Here's how you use it. First, you enable the sparseCheckout
option:
git config core.sparseCheckout true
Then, you add the node_modules
path as a negation in the .git/info/sparse-checkout
file:
echo -e "/*\n!node_modules" >> .git/info/sparse-checkout
This will create a file called sparse-checkout
containing:
/*
!node_modules
which effectively means ignore the node_modules
directory when reading a commit's tree into the working directory.
If you later want to include the node_modules
directory again (i.e. remove the skip-worktree
bit from its files) you have to modify the sparse-checkout
file to only contain /*
– that is "include all paths" – and update your working directory using git read-tree
:
echo "/*" > .git/info/sparse-checkout
git read-tree -mu HEAD
You can then disable sparse checkout altogether by setting its configuration variable to false
:
git config core.sparseCheckout false
Note that sparse checkout was first introduced in Git 1.7.0.
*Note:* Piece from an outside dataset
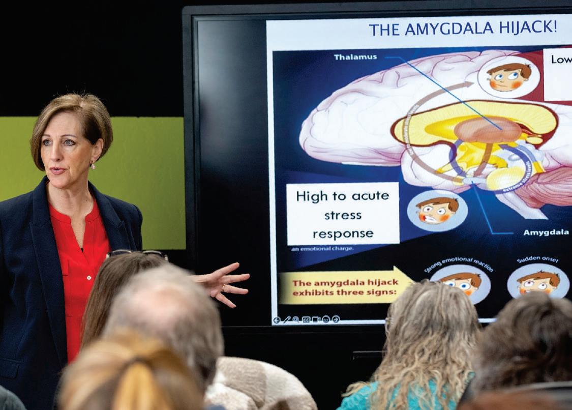 Sheteachestheneuroscienceofthis. Thebrain,sheexplains,isaselfish organ,inagoodway,becauseitis wiredforsurvival.Itcannot differentiatebetweenrealityand imagination,orbetweenwitnessinga tragedyandhearingagraphicstory aboutone.Whenfirstresponders “catharticallyventilate,”sharingthe gruesomedetailsofascenetogetthe painout,thelistener’sbrainpaints picturesasthedetailsofthestory unfold.Thosepicturesstick,causing thelistenertoseethemrepeatedly, whichinturncancauseastrongstress reactionifthoseimagesaretraumatic ones,whichmaybesoseverethatthe listenerneedsprofessionalhelpto recover

I checked out the entire code from the branch I want to checkout
# assume we want the `components` folder on my-branch to follow us
# first checkout your code to (my-new-branch) for ex.
git checkout -b my-new-branch
# now i'm on my-new-branch (but it doesn't have the components from my-branch :| )
# delete ./components
rm -rf ./components
# replace it with the one on my-branch :)
git checkout my-branch -- ./components
Good Luck...